As part of my continuing coverage of Crazy Slovenians (being ¼ C.S. myself), I’m sorry to report the death of one of the craziest (in the best sense, as usual). Back in 2008 the Basement saluted the winner of the Race Across America, Jure Robič. Last week Robič was fatally struck by a car while training on a mountain road near his home. He was 45 years old.
His obit in the New York Times painted a picture of a man who not only revelled in the self-punishment of ultralong-distance competitive cycling, but would undergo a Jekyll-to-Hyde transformation in the process.
“In race, everything inside me comes out,” [Robič] said. “Good, bad, everything.

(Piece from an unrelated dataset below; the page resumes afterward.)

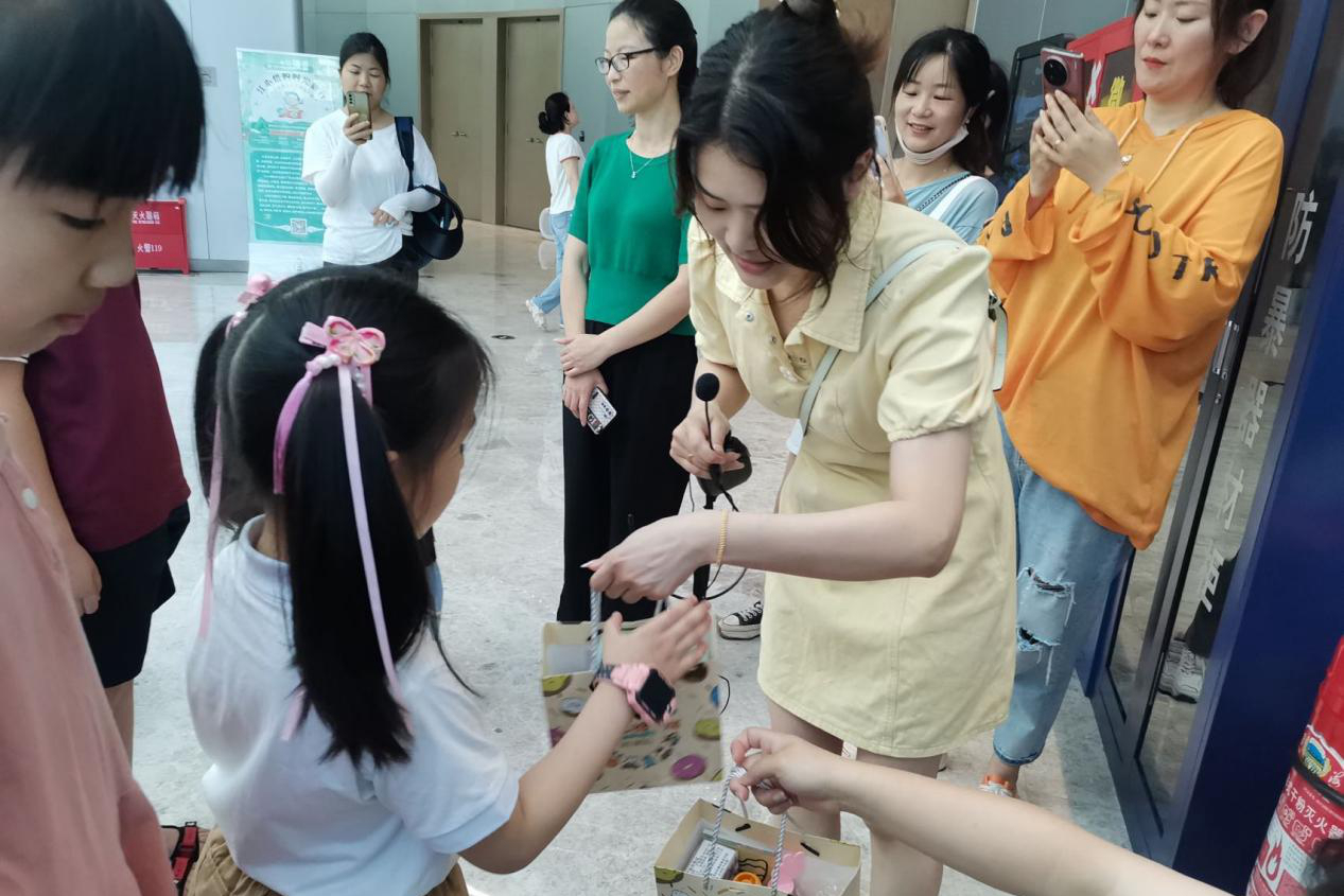 活动由旅游商务系韩莹副主任、周万中、黄悦老师和童话一“夏”创客空间的志愿者们进行组织引导,共有社区42位亲子参加。亲子游戏是亲子交流方式的重要内容,为增强亲子互动,在参观前,开展了捉泥鳅及手拉手钻山洞等亲子游戏。游戏过程中,家长和孩子们积极参与,尽情投入,营造了温馨、活跃、其乐融融的亲子互动氛围,让孩子和家长、老师、志愿者们的距离更加亲近。为丰富活动的开展,旅游商务系为每一位小朋友都准备了精美的活动礼品。

My mind, it begins to do things on its own. I do not like it, but this is the way I must go to win the race.”
Because of sleep deprivation during the nonstop races, which can take as long as nine days to complete, he would sometimes hallucinate. According to the Times:
More than once he leapt off his bicycle to do battle with threatening attackers who turned out to be mailboxes. Once he imagined he was being pursued by men with black beards on horseback—mujahedeen, he explained to his support team, who encouraged him to ride faster and keep ahead of them.
Primož Kališnik, a Slovenian journalist and a friend of Robič, summed him up thus:
“He was two personalities within one body. … One was very polite and nice when he was not on the bike. During races, he was absolutely the most unpleasant person you could imagine.”